The sea level along the US coast will rise by an average of a foot during the next 30 years, according to report this week from the National Oceanic and Atmospheric Administration (NOAA) that shows a devastating range of effects due to global warming.

This will have enormous implications for physical risk assessments and sustainable investing, fund managers say. Real estate, insurance and supply chains will be affected heavily.

By 2050, the sea level will increase by as much as it had between 1920 and 2020, the NOAA reported. The new levels will be 10 to 14 inches higher along the East coast, 14 to 18 inches for the Gulf coast and four to eight inches for the West coast. Alaska, Hawaii and the Caribbean will also be heavily affected, NOAA found.

That means coastal flooding will extend farther inland than it does currently, with damaging levels of flooding projected to occur 10 times more frequently.

“This report highlights that as these sea levels are reassessed, the flooding maps are totally obsolete,” said Nathalie Wallace, head of sustainable investing at Natixis Investment Managers. “We keep catching up on a reality that is way ahead of current flood maps… This is something that needs to be incorporated every time you look at real estate exposure in your portfolio.”

More human suffering will also be a consequence of flooding, Wallace added.

From a financial perspective, beyond company and real estate values, bond portfolios will be affected, she noted.


There are also big considerations around insurance. Current policies, based on already outdated flood maps, could lead to a volume of claims that would strain insurance companies. Premiums will likely rise to unaffordable levels for many businesses in the future, according to a recent paper from the Investor Leadership Network that Natixis contributed to.

A hint of things to come can be seen by the US Flood Insurance Program, which has incurred nearly $50bn in claims related to five extreme weather events since 2005, Wallace noted. According to the Congressional Research Service, the program is in debt by more than $20bn, and that is after Congress canceled $16bn in debt in 2017.

Currently there is about $1trn in real estate in flood zones in the East coast, she said.

“We are also looking to invest in additional fortification and resilience measures,” Wallace said, noting that Hurricane Sandy in 2012 showed how far inland flooding damage can occur.

“We cannot move New York City. So when we talk about adaptation … it’s really crucial for mayors to think about the impact of sea level rises and weather events,” she said.

Devastating flooding seen last year in Germany and Belgium also showed that “this is not going to go away.

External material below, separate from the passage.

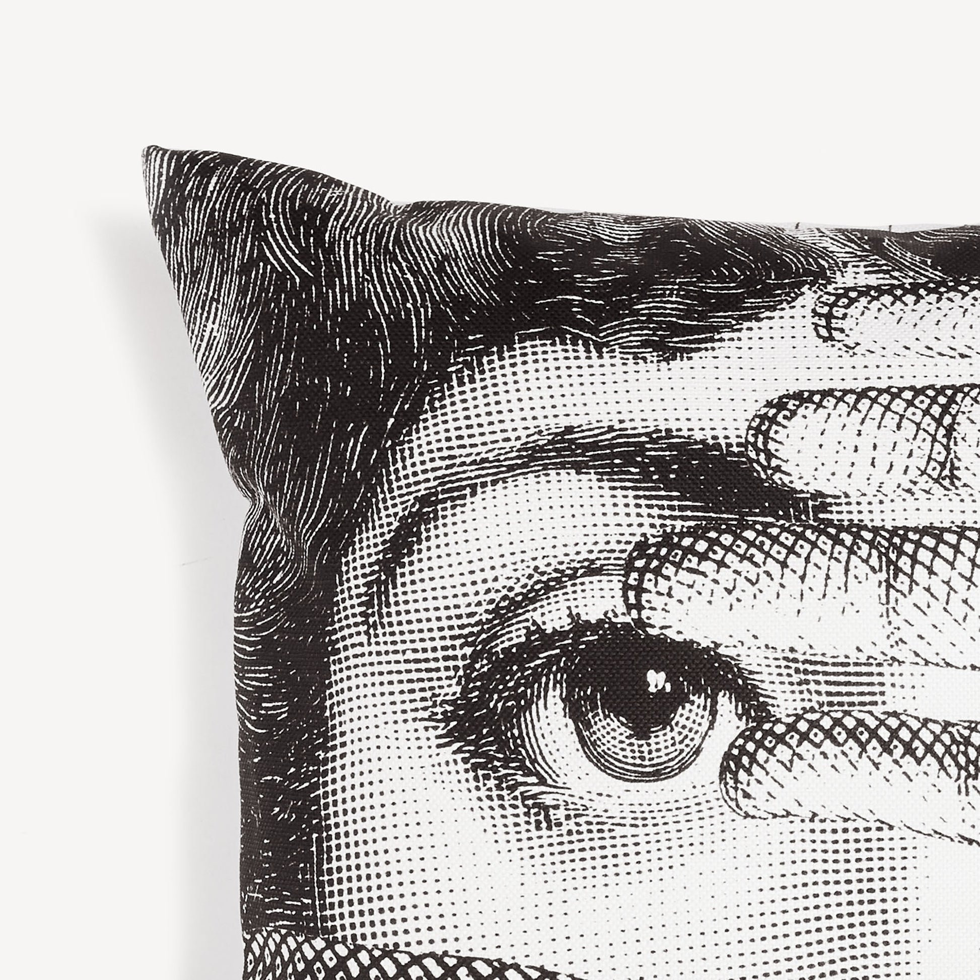 - Il volto della cantante lirica Lina Cavalieri, reinterpretato da Piero Fornasetti, impreziosisce questo cuscino sfoderabile con imbottitura inclusa, appartenente all'iconica serie Tema e Variazioni: un vero pezzo da collezione.

It’s going to increase dramatically over the next couple of years.”

Supply chains affected by sea level

Robert Klaber, director of ESG research and a portfolio manager at San Francisco-based Parnassus Investments, said the effects of sea level rise on real estate and supply chains leave much for the financial services industry and investors to consider.

“Being out here on the West coast in the Bay Area, we also talk about the effect it could have on wildfires,” Klaber said, citing wider effects of climate change on extreme weather. “Those types of events – hurricanes, tornadoes – we’re seeing more of these events more frequently.”

The company assesses which sectors and geographies will be most affected.

“We’re talking about, ‘What are the companies, what are the sectors that have physical risks related to climate change?’” he said. “We’re looking to minimize our exposure to companies – and supply chains for those companies – that could be most at risk.”

As part of that, Parnassus has been pushing companies in its portfolios to increase transparency around their supply chains, emissions and targets, he said.

Large, multi-national firms are much more likely to measure emissions and have targets for reduction in place, he noted.

“With the number of climate-related events occurring more frequently and the risk getting bigger, for retail investors, it means this is something they should be more focused on now than ever before,” he said. “The impact is real. There is material risk to companies that are susceptible to rising sea levels, more hurricanes, more tornadoes and more wildfires.”